Search the data for the string "muelle" and copy each line in which it appears.

+++ Data records

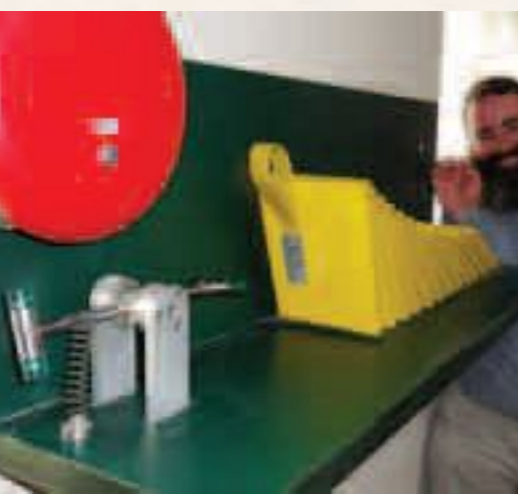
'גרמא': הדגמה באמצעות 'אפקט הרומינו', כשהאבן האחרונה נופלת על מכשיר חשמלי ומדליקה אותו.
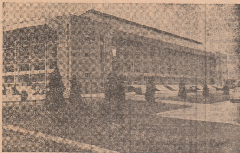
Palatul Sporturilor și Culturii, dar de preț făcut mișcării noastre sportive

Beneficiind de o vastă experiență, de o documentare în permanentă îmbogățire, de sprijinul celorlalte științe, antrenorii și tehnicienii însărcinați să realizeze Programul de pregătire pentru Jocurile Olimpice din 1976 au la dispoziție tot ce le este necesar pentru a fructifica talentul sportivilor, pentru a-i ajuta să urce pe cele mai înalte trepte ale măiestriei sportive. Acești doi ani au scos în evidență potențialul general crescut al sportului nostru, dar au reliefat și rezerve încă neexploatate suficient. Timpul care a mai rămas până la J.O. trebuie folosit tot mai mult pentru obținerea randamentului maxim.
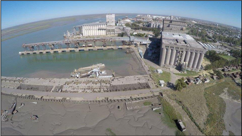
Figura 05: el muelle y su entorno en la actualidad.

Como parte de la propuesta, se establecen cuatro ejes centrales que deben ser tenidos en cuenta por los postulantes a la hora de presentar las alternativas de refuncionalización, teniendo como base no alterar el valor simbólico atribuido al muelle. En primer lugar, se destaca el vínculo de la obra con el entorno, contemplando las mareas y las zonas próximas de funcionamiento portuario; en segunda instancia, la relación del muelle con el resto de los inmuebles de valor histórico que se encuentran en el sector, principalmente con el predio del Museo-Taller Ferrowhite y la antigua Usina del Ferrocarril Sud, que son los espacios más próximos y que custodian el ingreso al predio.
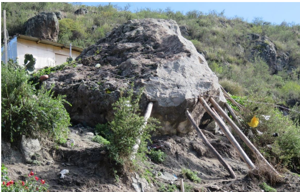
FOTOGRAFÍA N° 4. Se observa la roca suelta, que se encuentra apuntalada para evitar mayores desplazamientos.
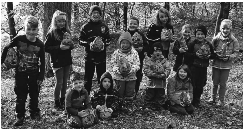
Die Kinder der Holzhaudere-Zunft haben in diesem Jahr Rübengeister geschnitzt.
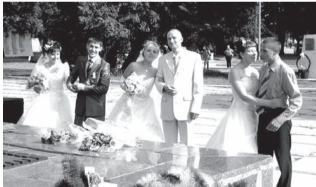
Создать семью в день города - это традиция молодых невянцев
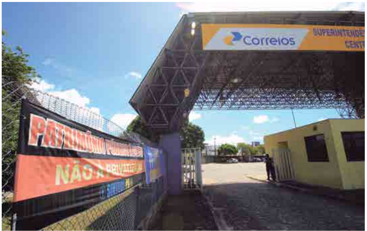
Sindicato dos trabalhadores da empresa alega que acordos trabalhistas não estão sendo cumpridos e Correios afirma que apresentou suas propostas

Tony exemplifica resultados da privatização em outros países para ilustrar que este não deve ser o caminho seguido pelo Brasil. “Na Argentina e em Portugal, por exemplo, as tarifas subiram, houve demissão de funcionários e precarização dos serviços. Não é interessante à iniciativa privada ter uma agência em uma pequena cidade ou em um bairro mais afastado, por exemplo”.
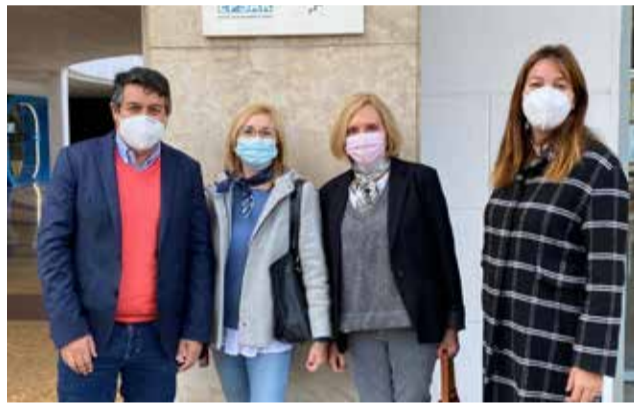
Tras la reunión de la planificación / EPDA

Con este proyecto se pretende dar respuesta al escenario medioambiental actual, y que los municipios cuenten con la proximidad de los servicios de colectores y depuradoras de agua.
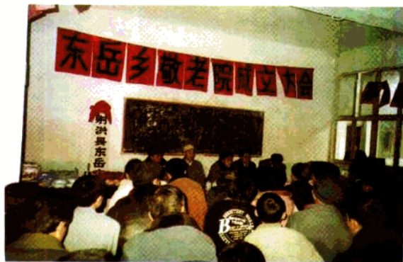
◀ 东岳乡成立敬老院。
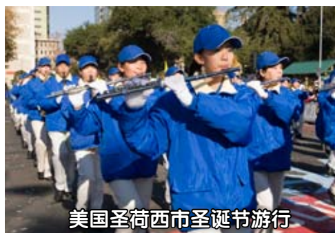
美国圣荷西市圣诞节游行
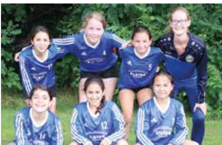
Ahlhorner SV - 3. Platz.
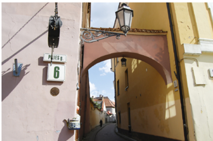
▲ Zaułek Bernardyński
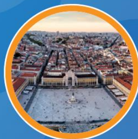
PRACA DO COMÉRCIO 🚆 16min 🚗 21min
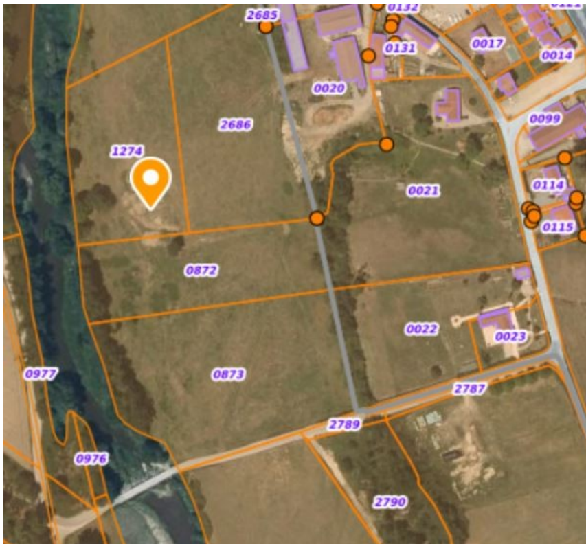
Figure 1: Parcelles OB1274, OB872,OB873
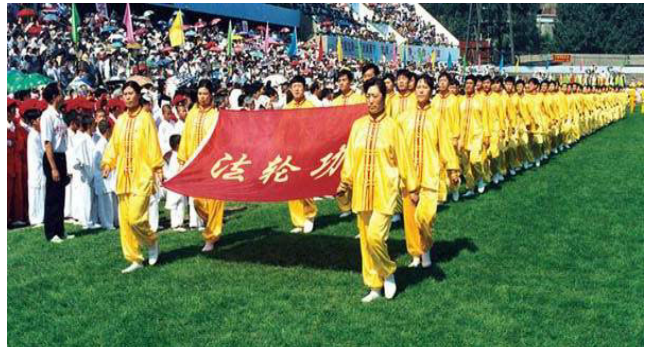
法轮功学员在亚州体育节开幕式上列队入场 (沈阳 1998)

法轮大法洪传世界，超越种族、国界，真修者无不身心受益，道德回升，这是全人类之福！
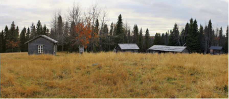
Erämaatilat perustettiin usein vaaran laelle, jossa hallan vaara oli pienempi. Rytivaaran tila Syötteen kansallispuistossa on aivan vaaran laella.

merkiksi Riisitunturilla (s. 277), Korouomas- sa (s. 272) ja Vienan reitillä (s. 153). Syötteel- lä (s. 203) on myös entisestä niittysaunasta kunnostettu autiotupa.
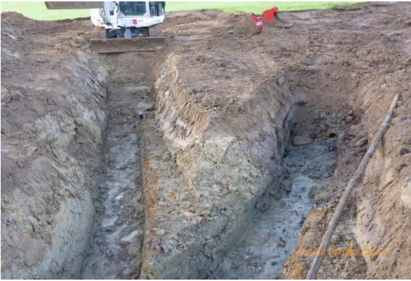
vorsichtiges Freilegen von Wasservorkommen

++++++
+++ Data records

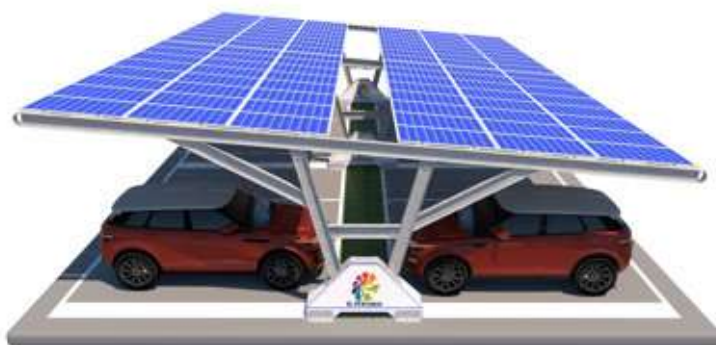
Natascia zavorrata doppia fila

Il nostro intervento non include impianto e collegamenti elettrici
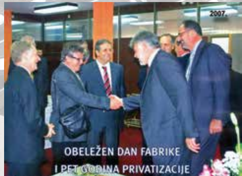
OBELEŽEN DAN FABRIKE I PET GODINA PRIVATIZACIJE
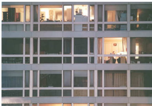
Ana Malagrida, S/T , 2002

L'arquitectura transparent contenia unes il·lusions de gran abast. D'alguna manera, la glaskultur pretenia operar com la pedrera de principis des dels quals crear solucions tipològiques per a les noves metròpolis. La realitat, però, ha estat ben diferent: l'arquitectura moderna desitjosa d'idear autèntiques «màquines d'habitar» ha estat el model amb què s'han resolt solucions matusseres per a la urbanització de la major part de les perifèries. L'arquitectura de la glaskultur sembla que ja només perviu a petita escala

++++++
+++ Data records

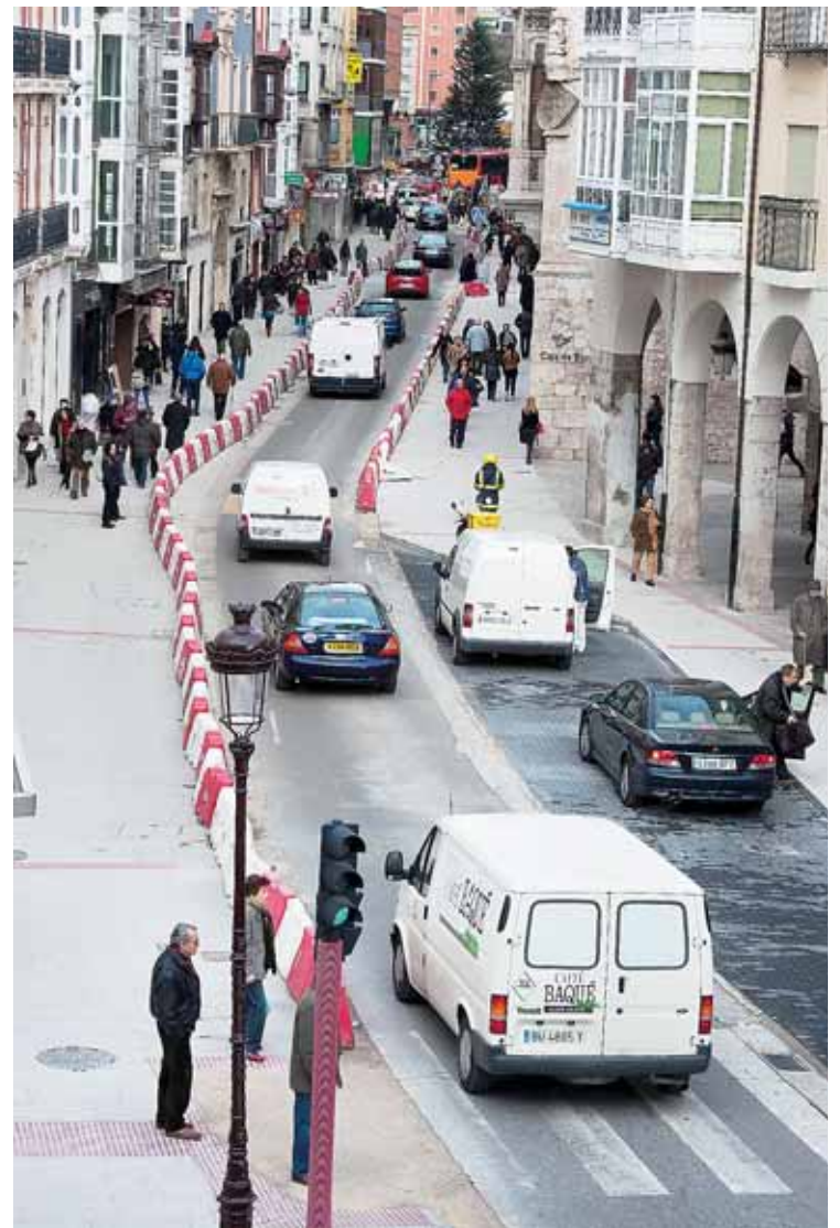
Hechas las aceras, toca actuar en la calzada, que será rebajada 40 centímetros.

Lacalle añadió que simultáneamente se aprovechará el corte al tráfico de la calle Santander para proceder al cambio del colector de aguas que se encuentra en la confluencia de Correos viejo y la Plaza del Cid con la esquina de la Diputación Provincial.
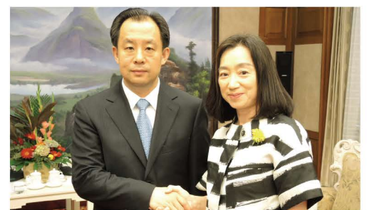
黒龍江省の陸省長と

++++++

> [Solution to the exercise]:
Figura 05: el muelle y su entorno en la actualidad.
Como parte de la propuesta, se establecen cuatro ejes centrales que deben ser tenidos en cuenta por los postulantes a la hora de presentar las alternativas de refuncionalización, teniendo como base no alterar el valor simbólico atribuido al muelle. En primer lugar, se destaca el vínculo de la obra con el entorno, contemplando las mareas y las zonas próximas de funcionamiento portuario; en segunda instancia, la relación del muelle con el resto de los inmuebles de valor histórico que se encuentran en el sector, principalmente con el predio del Museo-Taller Ferrowhite y la antigua Usina del Ferrocarril Sud, que son los espacios más próximos y que custodian el ingreso al predio.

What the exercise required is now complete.